:: About this task ::
Retype only the lines running from the beginning of the entries below to the line with "平底锅锅内放适量油,馒头片两面裹好鸡蛋液,放入锅内,小火炸至金黄。", both included. Do not include pictures.

Material supplied: Begin

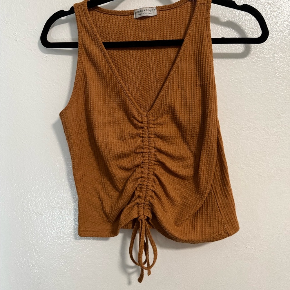 Chic ribbed tank with ruched front. Sleeveless design. Perfect for layering or wearing alone.
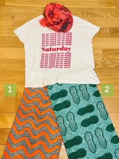 3. どちらかの脚の柄を指定、もう一枚はGreen Numberのセンスにお任せでリンクコーデできるキッズパンツを作製。キッズパンツの詳細はこちら:https://greennumber.base.shop/categories/4149786
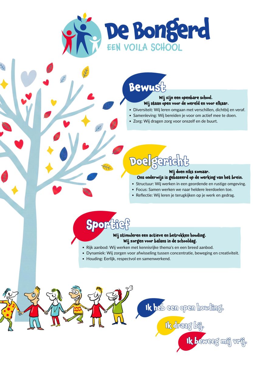 Wij leren kinderen omgaan met diversiteit. In de klas, in de buurt, in het land en in de wereld. Wij leven voor dat wij zorg dragen voor onszelf en onze leefomgeving. Onze kinderen brengen beweging in de buurt.
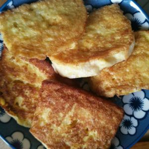 平底锅锅内放适量油,馒头片两面裹好鸡蛋液,放入锅内,小火炸至金黄。
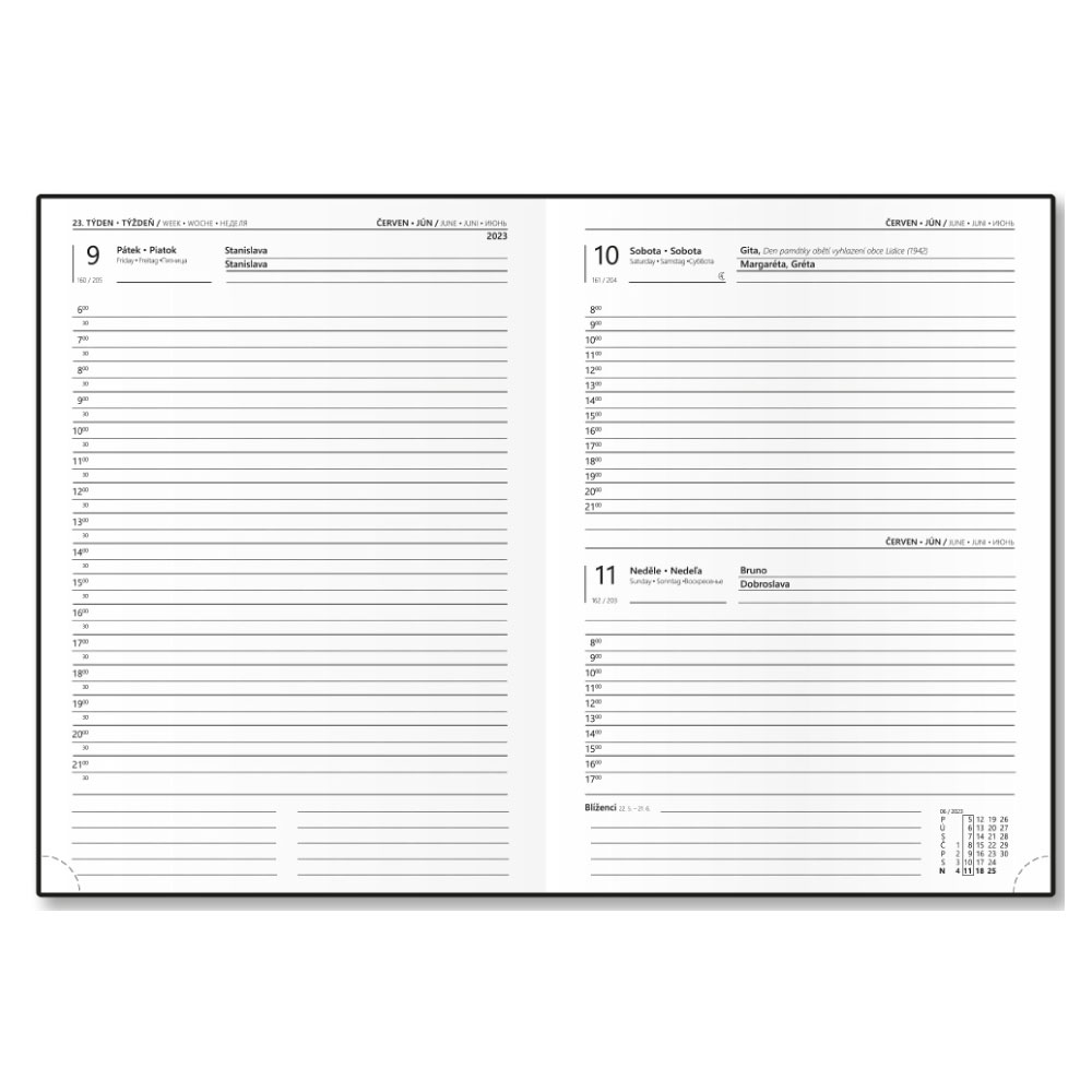 Rozmer: 120 x 165 mm Formát: B6 Kalendárium: denné české a slovenské menné Jazykové mutácie: CZ, SK, ANG, D, RU Poťahový materiál: nepoškrabateľné matné lamino s parciálnym lakom Papier: biely s perforovanými rožkami Počet strán: 336 Väzba: šitá Vä

Material supplied: End

:: Written response ::
 Chic ribbed tank with ruched front. Sleeveless design. Perfect for layering or wearing alone.
 3. どちらかの脚の柄を指定、もう一枚はGreen Numberのセンスにお任せでリンクコーデできるキッズパンツを作製。キッズパンツの詳細はこちら:https://greennumber.base.shop/categories/4149786
 Wij leren kinderen omgaan met diversiteit. In de klas, in de buurt, in het land en in de wereld. Wij leven voor dat wij zorg dragen voor onszelf en onze leefomgeving. Onze kinderen brengen beweging in de buurt.
 平底锅锅内放适量油,馒头片两面裹好鸡蛋液,放入锅内,小火炸至金黄。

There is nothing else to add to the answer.